Six explosive charges went off almost simultaneously in the early evening in Bangkok, killing three and injuring 38, as Thais were about to start celebrating New Year's Eve.
- Victory Monument. Seventeen people were injured and two died of their injuries. One foreigner, a Hungarian, was among the injured. The bomb had been placed in a bus-stop shelter and went off at around 18:00, ripping through the bus stops, shattering windows at a nearby restaurants and sending debris in all directions. A second blast went off nearby shortly afterwards.
- Khlong Toei, near Na Ranong intersection. A bomb hidden in a litter bin close to a Chinese spirit shrine exploded and injured three people, including a 10-year-old girl. A 61-year-old man died at the hospital from his injuries. The blast caused a secondary explosion of several propane gas cylinders that were standing nearby.
- Saphan Khwai intersection, Phaya Thai District. A bomb went off at a police box, injuring two people. Witnesses claimed to have seen a man drop a hand grenade from a pedestrian bridge onto the police box. However, residue of C-4 and TNT explosives were found at the scene.
- Seacon Square, Prawet District. An unexploded bomb was discovered in a trash bin near a gold shop on the first floor of the shopping mall. It was removed to the car park, where it later exploded, creating panic but causing no injuries. Police ordered all shoppers to evacuate the mall, one of Bangkok's largest, and all shops were closed.
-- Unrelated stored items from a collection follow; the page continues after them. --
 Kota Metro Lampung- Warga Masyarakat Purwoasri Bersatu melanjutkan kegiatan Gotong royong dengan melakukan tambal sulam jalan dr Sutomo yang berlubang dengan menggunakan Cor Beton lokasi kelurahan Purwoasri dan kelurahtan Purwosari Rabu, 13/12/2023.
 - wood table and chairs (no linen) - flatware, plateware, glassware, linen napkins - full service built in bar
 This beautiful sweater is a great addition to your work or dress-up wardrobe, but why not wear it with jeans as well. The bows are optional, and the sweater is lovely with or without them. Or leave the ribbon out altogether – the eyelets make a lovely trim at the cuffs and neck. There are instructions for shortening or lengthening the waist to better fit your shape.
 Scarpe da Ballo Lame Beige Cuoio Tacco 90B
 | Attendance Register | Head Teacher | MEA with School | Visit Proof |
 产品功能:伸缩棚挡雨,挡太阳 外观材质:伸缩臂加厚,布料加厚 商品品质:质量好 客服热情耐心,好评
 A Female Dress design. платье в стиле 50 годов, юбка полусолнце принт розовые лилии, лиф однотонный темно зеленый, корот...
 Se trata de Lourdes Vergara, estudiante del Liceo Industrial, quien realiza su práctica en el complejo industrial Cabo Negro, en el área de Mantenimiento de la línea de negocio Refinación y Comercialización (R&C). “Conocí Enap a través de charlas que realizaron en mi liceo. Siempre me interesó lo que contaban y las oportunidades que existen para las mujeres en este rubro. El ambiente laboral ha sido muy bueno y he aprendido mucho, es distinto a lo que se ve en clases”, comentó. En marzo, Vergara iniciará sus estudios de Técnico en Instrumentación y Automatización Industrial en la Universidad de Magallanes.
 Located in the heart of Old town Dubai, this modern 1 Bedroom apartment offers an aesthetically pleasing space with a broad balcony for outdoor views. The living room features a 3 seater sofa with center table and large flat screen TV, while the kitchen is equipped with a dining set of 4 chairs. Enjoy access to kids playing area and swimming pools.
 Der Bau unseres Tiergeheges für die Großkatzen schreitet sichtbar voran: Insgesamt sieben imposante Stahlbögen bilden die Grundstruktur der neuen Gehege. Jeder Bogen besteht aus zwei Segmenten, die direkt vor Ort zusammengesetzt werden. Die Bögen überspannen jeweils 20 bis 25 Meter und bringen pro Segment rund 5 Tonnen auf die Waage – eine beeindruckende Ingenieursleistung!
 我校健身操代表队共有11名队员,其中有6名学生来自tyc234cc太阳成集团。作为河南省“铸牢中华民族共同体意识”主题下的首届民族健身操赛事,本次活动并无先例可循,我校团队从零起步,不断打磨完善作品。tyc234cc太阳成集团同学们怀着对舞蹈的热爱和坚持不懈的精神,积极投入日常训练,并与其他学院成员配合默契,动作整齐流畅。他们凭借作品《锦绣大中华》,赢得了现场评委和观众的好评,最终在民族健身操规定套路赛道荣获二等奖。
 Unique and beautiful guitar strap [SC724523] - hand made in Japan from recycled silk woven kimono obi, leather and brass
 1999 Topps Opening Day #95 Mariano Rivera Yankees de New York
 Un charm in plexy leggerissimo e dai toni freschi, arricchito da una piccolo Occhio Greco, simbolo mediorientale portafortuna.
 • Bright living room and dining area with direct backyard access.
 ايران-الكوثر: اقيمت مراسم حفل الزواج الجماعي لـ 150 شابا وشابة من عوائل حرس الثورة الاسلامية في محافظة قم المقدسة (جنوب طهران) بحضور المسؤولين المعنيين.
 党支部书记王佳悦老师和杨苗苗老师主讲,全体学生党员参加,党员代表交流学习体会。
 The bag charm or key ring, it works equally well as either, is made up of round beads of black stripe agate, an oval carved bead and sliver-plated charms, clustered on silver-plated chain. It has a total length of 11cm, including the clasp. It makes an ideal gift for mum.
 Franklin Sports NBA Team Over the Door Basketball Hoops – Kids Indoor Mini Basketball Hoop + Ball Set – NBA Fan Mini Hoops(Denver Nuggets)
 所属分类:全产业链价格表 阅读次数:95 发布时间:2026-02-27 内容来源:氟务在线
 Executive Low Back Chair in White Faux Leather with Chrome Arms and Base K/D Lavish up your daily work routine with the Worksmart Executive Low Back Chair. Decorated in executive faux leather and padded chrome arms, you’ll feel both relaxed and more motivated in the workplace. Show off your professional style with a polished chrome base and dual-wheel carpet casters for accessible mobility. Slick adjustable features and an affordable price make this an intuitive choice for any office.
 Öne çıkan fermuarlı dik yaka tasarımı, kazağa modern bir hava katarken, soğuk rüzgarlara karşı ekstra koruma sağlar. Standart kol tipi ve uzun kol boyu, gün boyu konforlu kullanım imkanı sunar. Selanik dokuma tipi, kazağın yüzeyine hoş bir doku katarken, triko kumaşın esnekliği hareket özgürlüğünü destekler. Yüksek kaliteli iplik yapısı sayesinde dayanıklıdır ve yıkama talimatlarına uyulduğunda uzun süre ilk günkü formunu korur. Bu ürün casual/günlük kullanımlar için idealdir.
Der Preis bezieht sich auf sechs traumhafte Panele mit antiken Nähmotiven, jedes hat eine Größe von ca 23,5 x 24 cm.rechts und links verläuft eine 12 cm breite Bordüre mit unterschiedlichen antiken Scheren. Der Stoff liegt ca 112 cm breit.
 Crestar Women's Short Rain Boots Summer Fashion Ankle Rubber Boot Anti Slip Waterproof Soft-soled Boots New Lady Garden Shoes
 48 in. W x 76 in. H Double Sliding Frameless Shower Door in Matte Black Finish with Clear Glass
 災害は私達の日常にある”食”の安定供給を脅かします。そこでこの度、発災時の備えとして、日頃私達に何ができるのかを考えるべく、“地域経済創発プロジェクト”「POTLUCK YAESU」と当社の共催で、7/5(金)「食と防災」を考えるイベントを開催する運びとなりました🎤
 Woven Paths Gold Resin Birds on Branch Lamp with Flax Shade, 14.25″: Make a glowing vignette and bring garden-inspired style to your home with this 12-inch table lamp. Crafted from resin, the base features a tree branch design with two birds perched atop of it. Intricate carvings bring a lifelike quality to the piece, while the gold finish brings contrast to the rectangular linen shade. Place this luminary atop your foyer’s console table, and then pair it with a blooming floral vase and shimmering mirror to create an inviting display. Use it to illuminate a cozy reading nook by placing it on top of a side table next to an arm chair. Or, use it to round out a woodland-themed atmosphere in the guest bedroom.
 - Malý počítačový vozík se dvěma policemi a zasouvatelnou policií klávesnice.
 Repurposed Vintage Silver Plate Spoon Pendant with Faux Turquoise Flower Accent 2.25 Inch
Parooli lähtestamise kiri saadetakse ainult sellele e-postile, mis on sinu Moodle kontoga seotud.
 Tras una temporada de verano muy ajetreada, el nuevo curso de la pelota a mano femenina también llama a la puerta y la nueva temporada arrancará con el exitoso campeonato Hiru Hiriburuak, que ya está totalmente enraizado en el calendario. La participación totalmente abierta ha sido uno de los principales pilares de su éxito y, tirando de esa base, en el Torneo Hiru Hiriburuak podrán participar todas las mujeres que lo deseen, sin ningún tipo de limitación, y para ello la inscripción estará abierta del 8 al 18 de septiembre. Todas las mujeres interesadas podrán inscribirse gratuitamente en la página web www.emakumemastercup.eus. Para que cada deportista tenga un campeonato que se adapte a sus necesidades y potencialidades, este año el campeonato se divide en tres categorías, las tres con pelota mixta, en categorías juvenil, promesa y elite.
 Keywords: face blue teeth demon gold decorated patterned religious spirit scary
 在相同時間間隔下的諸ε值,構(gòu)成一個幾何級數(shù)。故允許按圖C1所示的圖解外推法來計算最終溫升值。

- Khae Rai intersection, Mueang district, Nonthaburi Province. Another police box was bombed, but no injuries were reported.
- Sukhumvit Soi 62. A third police box was bombed at the entrance of the soi, but no injuries were reported.
- Major Cineplex Ratchayothin, Phahonyothin Road, Lat Yao, Chatuchak. A security guard found a suspicious black bag left unattended in a fast food outlet and placed it in a back room. Sometime afterwards, the bomb exploded, causing a blackout in the cineplex's retail area. There were no injuries. The cineplex owner did not alerted Phahonyothin police until later on 1 January, fearing negative publicity.

Because of the attacks, the large New Year's celebrations at CentralWorld and Sanam Luang were cancelled. Bangkok Governor Apirak Kosayothin led a New Year "countdown" more than three hours early at the CentralWorld party, then told everyone to return home.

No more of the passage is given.